This Manichaean dichotomy is designed to force the reader to make a choice: you are either with us in subscribing to a radical vision for the country, or you are against us, in which case you are a racist. Moreover, your place on either side is not fixed. “We can be a racist one minute and an antiracist the next. What we say about race, what we do about race, in each moment, determines what—not who—we are” (10). In this way, the moral elevation of seeing oneself as an anti-racist is under constant threat of being lost. And what is worse, people must fight an uphill battle because their natural inclination is toward racism. “Like fighting an addiction, being an antiracist requires persistent self-awareness, constant self-criticism, and regular self-examination” (23).
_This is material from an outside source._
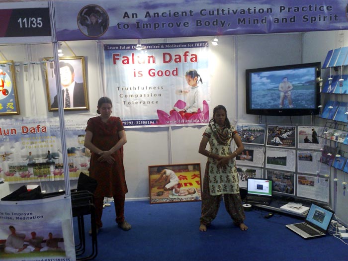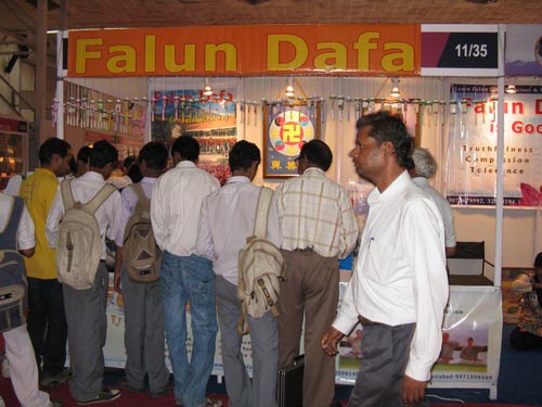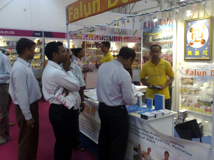 还有一位白发老人说是通过“德里电视”频道第一次知道了法轮功(编者注:亚洲天国乐团来印度新德里洪法,德里电视台曾就此采访并报道),这次一来到书展看到法轮功马上就学,快乐得象个小孩似的连说:“很好!很好!”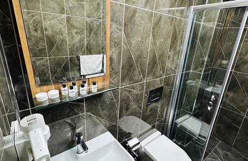 Escape to this delightful hotel suites in picturesque Istanbul. This cozy suite features 1 full bed, a bathroom with a shower and hair dryer, and amenities like WiFi and AC. Our place will help you feel at home while you're traveling in Istanbul.

The requirements for continuous self-inspection here are reminiscent of life in an uncompromising Protestant church whose preaching emphasizes that backsliding and temptation are ever-present alternatives to staying strictly on the righteous path. The evocation of an urgent struggle between good and evil is of course also reminiscent of religious fundamentalism.
The accusation of “white fragility” is the movement’s response to efforts to analyze race relations in ways that do not fully accord with its diagnoses. If a scholar, for example, attempts to explain that many factors besides race play a role in individuals’ life experiences and outcomes, or that members of some non-white ethnic groups surpass whites in socioeconomic attainment, that person can be interpreted as providing, not the findings of social science, but an example of “white fragility” in action. According to DiAngelo (2011), an “ideology of individualism” allows whites to “distance themselves from the actions of their racial group” and expect to be given “the benefit of the doubt,” leading them to “respond defensively when linked to other whites as a group or ‘accused’ of collectively benefiting from racism” (59). This defensiveness is seen as de facto evidence of white fragility and blatant disregard for the different roles the dominant society “assigns” to people of color (67). Thus, it becomes impossible for a white person to offer empirical evidence that may challenge or complicate the rhetoric of the anti-racism movement without being accused of fragility.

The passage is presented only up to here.